Promise of new life at Longbridge
The Chinese owners of MG have set out their clear ambitions to bring car manufacturing back to Longbridge.
The Chinese owners of MG have set out their clear ambitions to bring car manufacturing back to Longbridge.
Five years after the collapse of MG Rover, SAIC, the Chinese car maker that now owns MG, is investing £5 million in a design and technical centre at the former Birmingham factory site.
Nearly 300 designers and engineers are turning out new engines, car bodies, gearboxes - even new seats - as the firm gears up to present the world with a complete family of MG cars over the next few years.
One of the first designs off the drawing board has been the MG6 family car, launched in China late last year. Later this year it will start rolling off the production line at Longbridge - now renamed MG Birmingham.
And it will be followed in early 2011 by a saloon car version designed purely for the European market.
MG Motors' marketing director Guy Jones said this would be no "screwdriver" job, simply bolting together components shipped to Birmingham from China. Instead it will involve detailed assembly, including significant electrical and wiring work to ensure the new cars comply with European safety regulations.
No-one is talking about job numbers yet, however, to avoid raising expectations. Despite high hopes, in five years the only cars off the production line under previous owner Nanjing, at the Birmingham site have been a few hundred updated MG TF roadsters.

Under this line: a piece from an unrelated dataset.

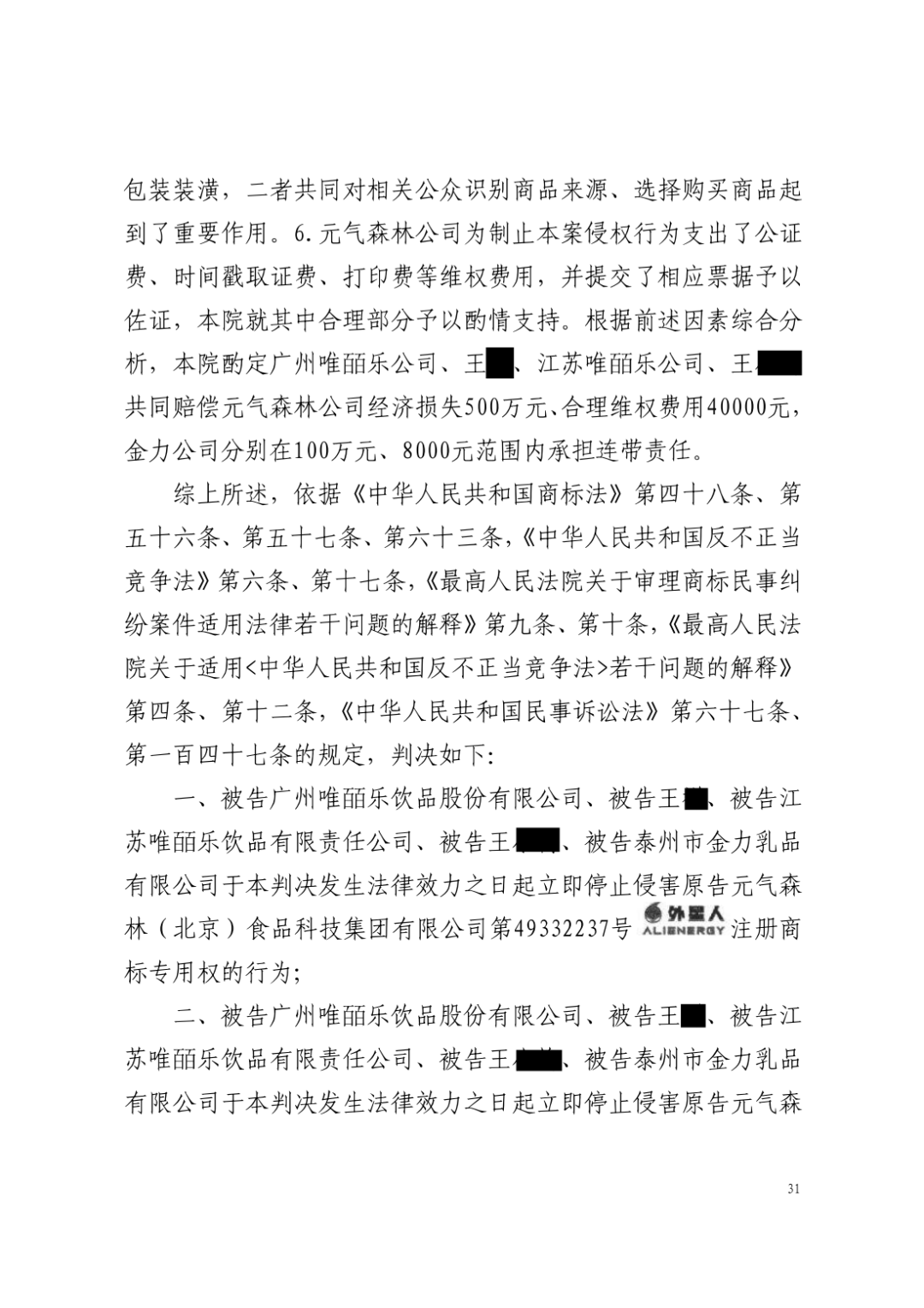 知识产权是元气森林(北京)食品科技集团有限公司(以下简称“元气森林”)重要的无形资产,其凝结着元气森林多年创业所获得的商誉和商业价值。外星人电解质水自2020年上市以来凭借优秀的产品力和元气森林长期、持续的研发投入,现已成为运动饮料品类的头部品牌,亦是元气森林重点保护的品牌。正值全国知识产权宣传周,外星人电解质水近期也在知产维权方面取得了重要成果。其中两个维权案件均获得超百万元赔偿,现对外公布。

But the SAIC operation promises to be in a different league. The 300 or so engineers and designers at Birmingham are working hand in glove with more than 1,500 colleagues at centres in China, but "we take the lead," says MG design director Tony Williams-Kenny.

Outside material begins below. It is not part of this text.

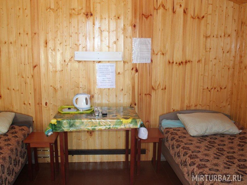 2-местный номер: одна комната, постельное белье, полотенца, ТВ, холодильник, чайник, чайная посуда, 2 кровати, стол, табуретки, обогреватель.4-местный номер: веранда, одна комната, стол, табуретки, постельное белье, полотенца, ТВ, холодильник, чайник чайная посуда, 4 кровати, обогреватель.
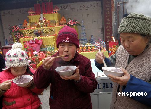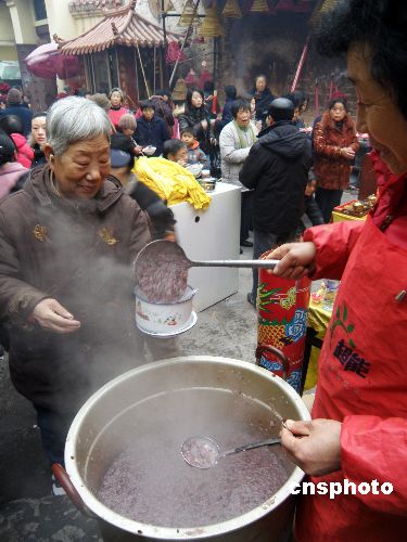 2009年1月3日,農歷臘月初八,是中國傳統的臘八節,湖北宜昌三峽古佛寺里準備了豐盛的臘八粥,眾多名市民在古佛寺里喜吃臘八粥。據悉,臘八粥又稱佛粥,與佛祖釋迦牟尼得道成佛有關。臘八粥在民間被視為吉祥食品,寓意一年之末的大豐收及來年風調雨順,吉祥如意。中新社發 劉君鳳 攝

The team at the SAIC UK Technical Centre are responsible for the design and engineering of all the MG-badged cars, as well as significant input into the Roewe models made for the domestic Chinese market.
Their first car for the Chinese was the Roewe 550, which is set to be the basis for a new medium-sized MG.

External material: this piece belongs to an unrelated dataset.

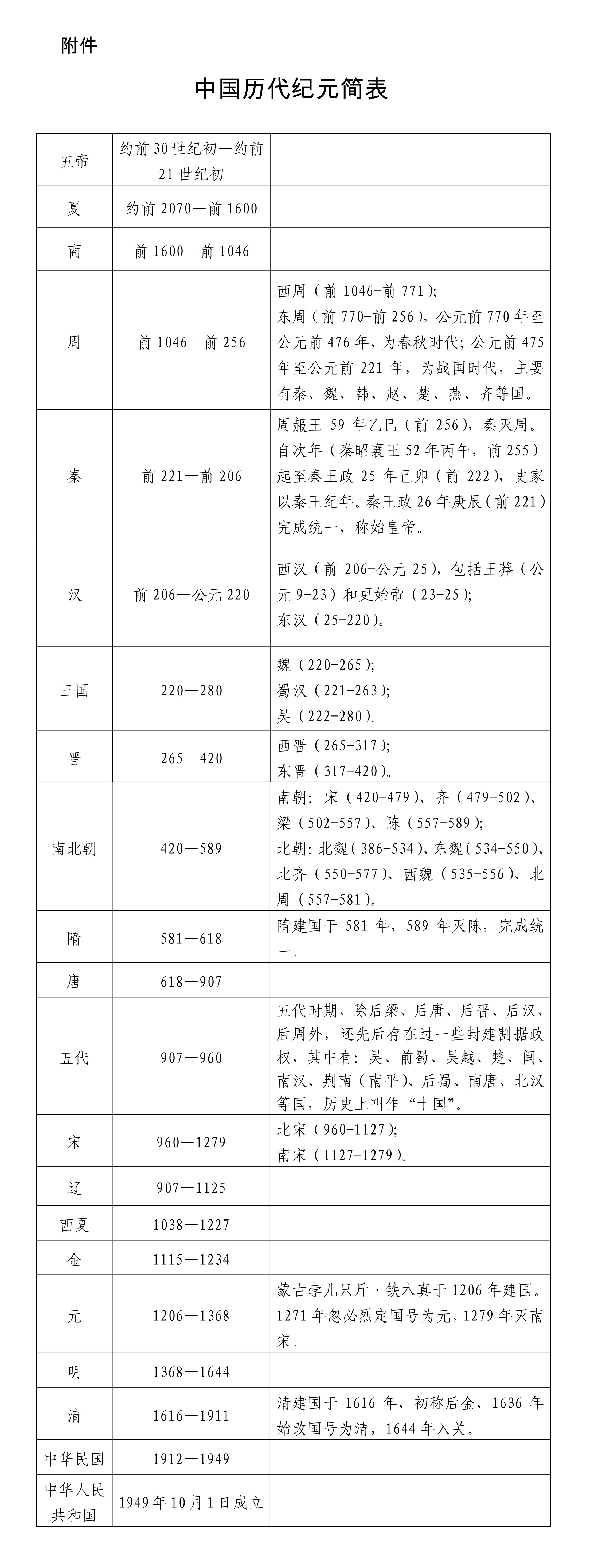 附件:中國(guó)歷代紀(jì)元簡(jiǎn)表

At Birmingham the designers draw up their concept sketches, turn them into 3-D computer graphics - using the same technology that created the dinosaurs in Jurassic Park - before creating detailed clay models and full scale mock-ups. Production work is done in Shanghai and Nanjing.
The 550 has gone on to be the biggest selling "own-brand" car in the Chinese market.
Most recently his team hit the headlines at the Beijing Motor Show with its Mini-sized MG Zero concept car and it is clear a full-scale production version of the Zero is not far away.
The Technical Centre itself is an impressive hi-tech open-plan office housing 210 engineers. But it is only part of SAIC's plans for Longbridge. David Lindley, president of the UK SAIC operation, said: "The company's ambition is to get car manufacturing back here again. But to do that we have to re-establish the brand, and make sure we can sell enough cars to sustain it."